Before read/write ODPS data, we need to initialize an OdpsOps, like:
import com.aliyun.odps.TableSchema
import com.aliyun.odps.data.Record
import org.apache.spark.aliyun.odps.OdpsOps
import org.apache.spark.{SparkContext, SparkConf}
object Sample {
def main(args: Array[String]): Unit = {
// == Step-1 ==
val accessKeyId = "<accessKeyId>"
val accessKeySecret = "<accessKeySecret>"
// intranet endpoints for example
val urls = Seq("http://odps-ext.aliyun-inc.com/api", "http://dt-ext.odps.aliyun-inc.com")
val conf = new SparkConf().setAppName("Spark Odps Sample")

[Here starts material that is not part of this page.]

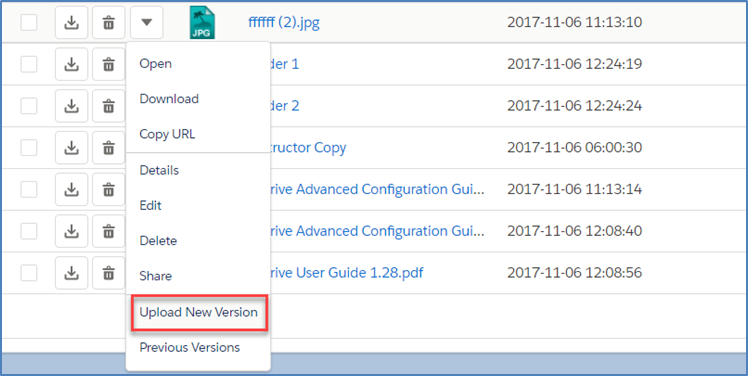 Upload New Version: If versioning is enabled version actions are shown on menu. By this action, you can upload versions of a file.
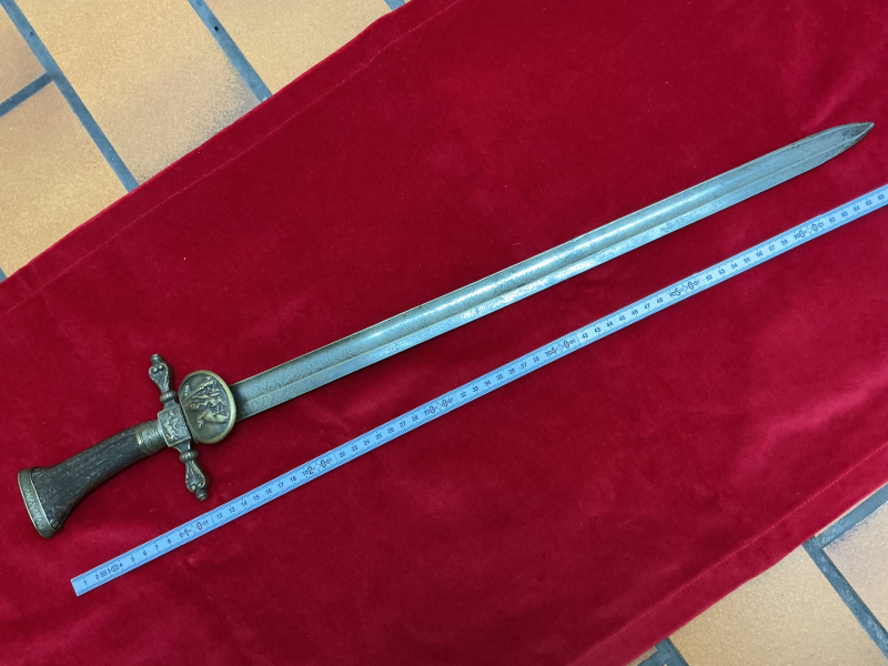 Aus Nachlass…..Hirschfänger. Ungeöffneter Originalzustand. Ohne Scheide. Ungewöhnlich breites Griffende aus Horn. Schöne Klingenätzung. Gedunkelt, keine Rostnarben. Sehr schönes Stück!!!! Griff Messinggarnitur, wie üblich, minimal wacklig. Bitte Bilder ansehen!!! Bei Fragen, fragen!!

val sc = new SparkContext(conf)
val odpsOps = OdpsOps(sc, accessKeyId, accessKeySecret, urls(0), urls(1))
// == Step-2 ==
...
// == Step-3 ==
...
}
// == Step-2 ==
// function definition
// == Step-3 ==
// function definition
}
In above codes, the variables accessKeyId and accessKeySecret are assigned to users by system; they are named as ID pair, and used for user identification and signature authentication for OSS access. See Aliyun AccessKeys for more information.
// == Step-2 ==
val project = <odps-project>
val table = <odps-table>
val numPartitions = 2
val inputData = odpsOps.readTable(project, table, read, numPartitions)
inputData.top(10).foreach(println)
// == Step-3 ==
...
In above codes, we need to define a read
function to pre-process ODPS data:
def read(record: Record, schema: TableSchema): String = {
record.getString(0)
}
It means to load ODPS table's first column into Spark.
val resultData = inputData.map(e => s"$e has been processed.")
odpsOps.saveToTable(project, table, resultData, write)
In above codes, we need to define a write
function to preprocess reslult data before write odps table:
def write(s: String, emptyReord: Record, schema: TableSchema): Unit = {
val r = emptyReord
r.set(0, s)
}
It means to write each line of result RDD into the first column of ODPS table.